24. BÖLÜM (BENİM RAPUNZELİM)

278 5 0
                                    

Eve geldiğimizde derin bir 'oh' çektim.Dışarısı iyi gelmemişti.2 kazak,2 pantolon,2 ayakkabı ve 1 çanta almıştım.Bir de cüzdan.Hakikaten az şey almamışım.Yarın giyeceklerimizi ayarladım.
Siyah bir kazak, üstünde gümüş renk boncuklarla bezenmiş baykuş var.Altına siyah pantolon.Altına siyah bot ve siyah çantayla siyah cüzdanım.
Uykusuzluğa kanat gerdim ve yatağa yatıp gözlerimi yumdum....
*******************************************************
Uyandığımda akşamdı.Karnımın acıktığını hissedince aşağı indim.Herkes oturmuş yemek yiyordu.Beni çağırmayın zaten siz öküzler.
''Aaa annem gel otur.Uyuyordun diye uyandırmak istemedik.AMa yersin değil mi?''
''Evet yerim.Karnım çok aç.''
''Zoton kornon oç olmoso şoşordom conom.Hor zomon oçson.No gozol sononkoloro bon yoyocoktom.'' annem ve masadaki herkes okkalı bir kahkaha attı.
''Canım istersen ben sana koyarım yine.Daha çok var.''
''Poko Nolso toyzo.O zomon bon boroz doho sormo oloyom.'' annem önce bana biraz çorba koydu ve sonra Batı'nın yemeğini tazeledi.
''Babam nerde anne?''
''O gitti İzmir'e çoktaan.''
''Hadi yaa.Keşke yanıma bir uğrasaydı.'^'
''Uğradı zaten ama sen baygındın.'' dedi Bora.

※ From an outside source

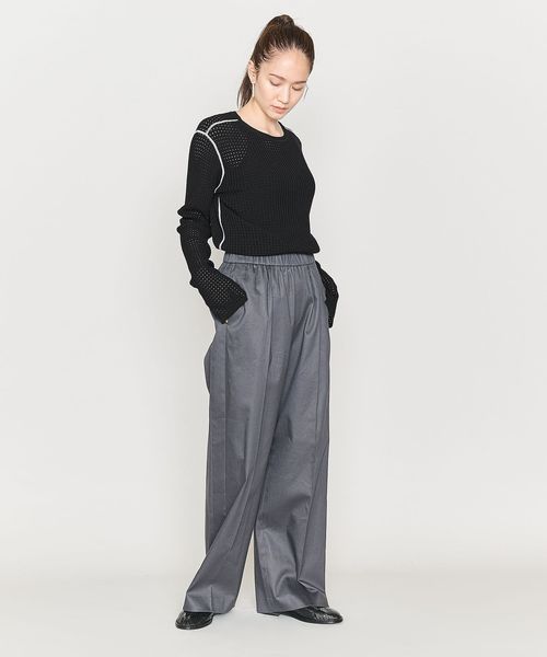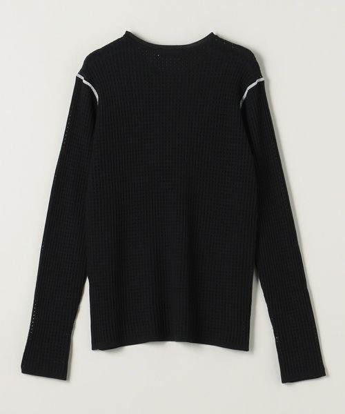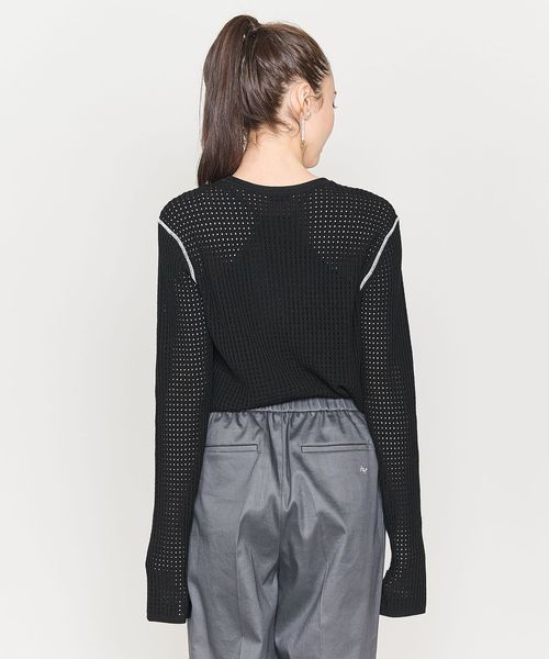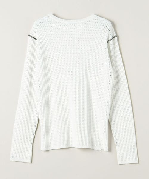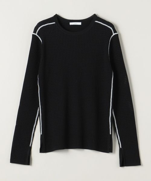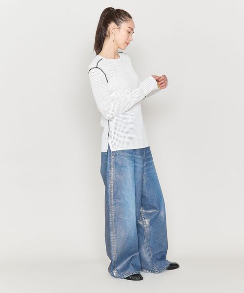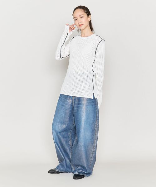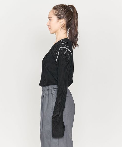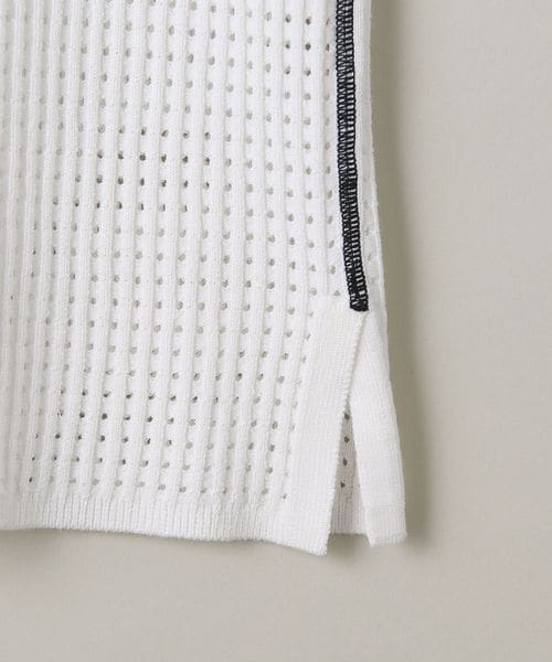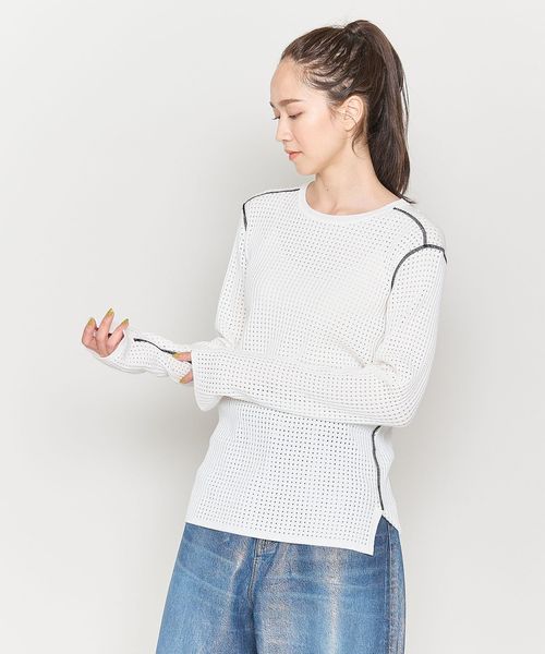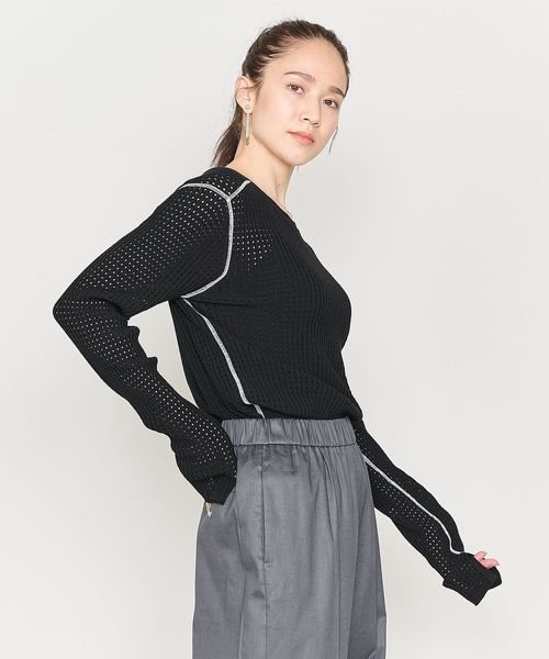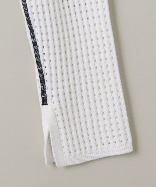 リブの間にアイレットが入っていることでメッシュのように見え、袖口と裾にスリットが入っているのもデザインポイントです。

''Hmmm.'' dedikten sonra ekmek sepetinden ince doğranmış ekmek aldım ve çorbamı içmeye başladım.Oha en sevdiğimden.Yulaflı çorbaaaa.Nasıl da fark edemedim renginden.Yulaflı çorbayı nedense çok severim.2-3 kase yerim hep.Birde sarmaya bayılırım.Unutmadan tatlı olarak da karamelli dondurma.Kışın da baklava yerim.Açım olm ben -,-
''Oha Ayda.Fil gibi yedin çorbayı.Fillerde suyu hortumlarıyla 2 saniyede içerler.''
''Ya anne bişey söyle şu Pelin'e.Yulaflı çorbayı ne kadar sevdiğimi anlat.'' annem yine okkalı bir kahkahadan sonra
''Sen ona bakma.Yulaflı çorbayı gerçekten çok sever.'' çorbam bitince sarma da yedim ve daha sonra herkesin önüne karamelli sondurma konuldu.Yine afiyetle yedik.Annem üzerie çikolata sosu da dökmüştü.Nefisss.

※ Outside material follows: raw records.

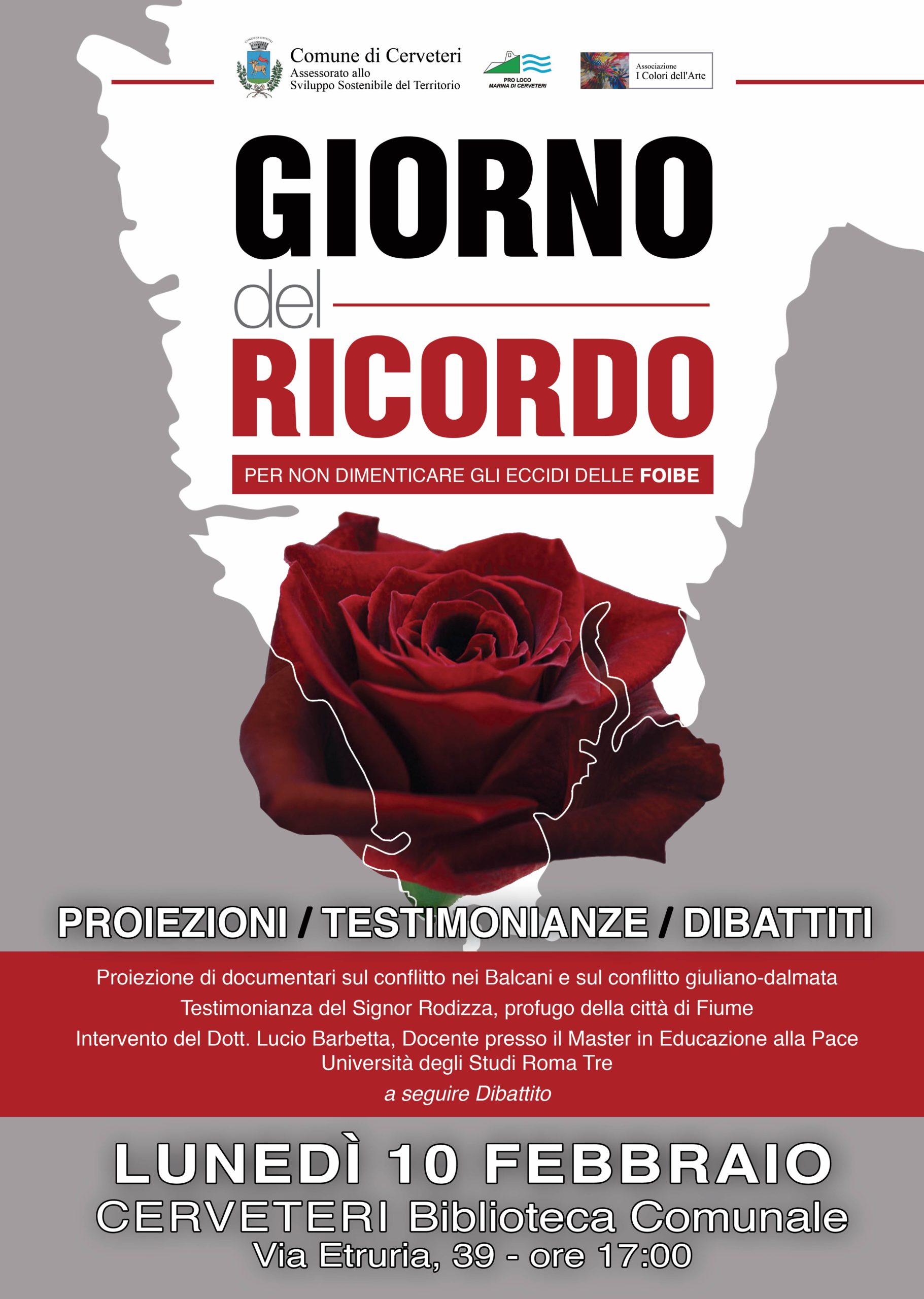 Cerveteri. Il 10 febbraio Giorno del Ricordo per le Foibe locandina-giorno-ricordo
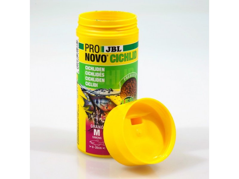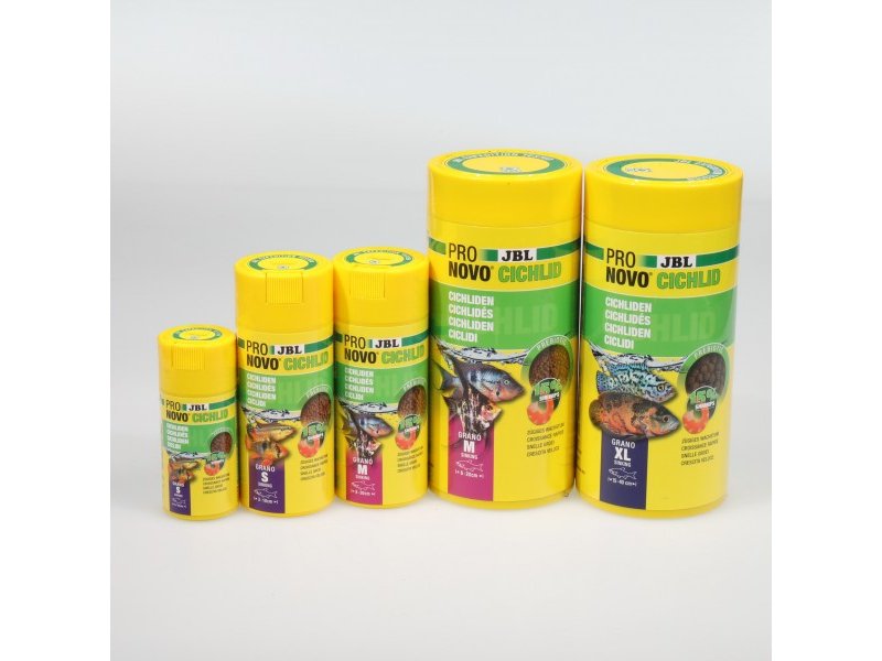 Если в аквариуме одновременно содержатся более мелкие цихлиды (3–10 см) или, наоборот, очень крупные виды (15–25 см), JBL PRONOVO CICHLID GRANO M можно комбинировать с другими размерами линейки: PRONOVO CICHLID GRANO S и PRONOVO CICHLID GRANO XL.
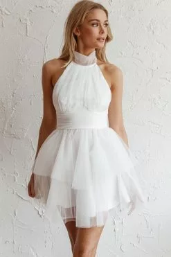 Selfie Leslie Andria Halterneck Tulle Mini Dress White
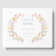 Capture classic elegance with this sophisticated and refined wedding guest book adorned by a delicate pastel floral wreath intertwined with colorful wildflowers. This guest book serves as an ideal wedding gift for the newlyweds, adding a touch of timeless charm to their special day.

Akşam yemeği bitince biz kızlar yemeklerin paketlenmesi,bulaşıkların yıkanması-yemek örtüsünün silkelenmesi gibi işleri yaptık.Annem de günün yorgunluğunu atlatmak için hemen yatağa girdi.Bizde salondaki beyaz koltuklara oturduk.
''Eee yarın napıyoruz?'' dedi Kağan hamile kadın gibi olmuş karnını tutarak.Çok yemiş eşşek.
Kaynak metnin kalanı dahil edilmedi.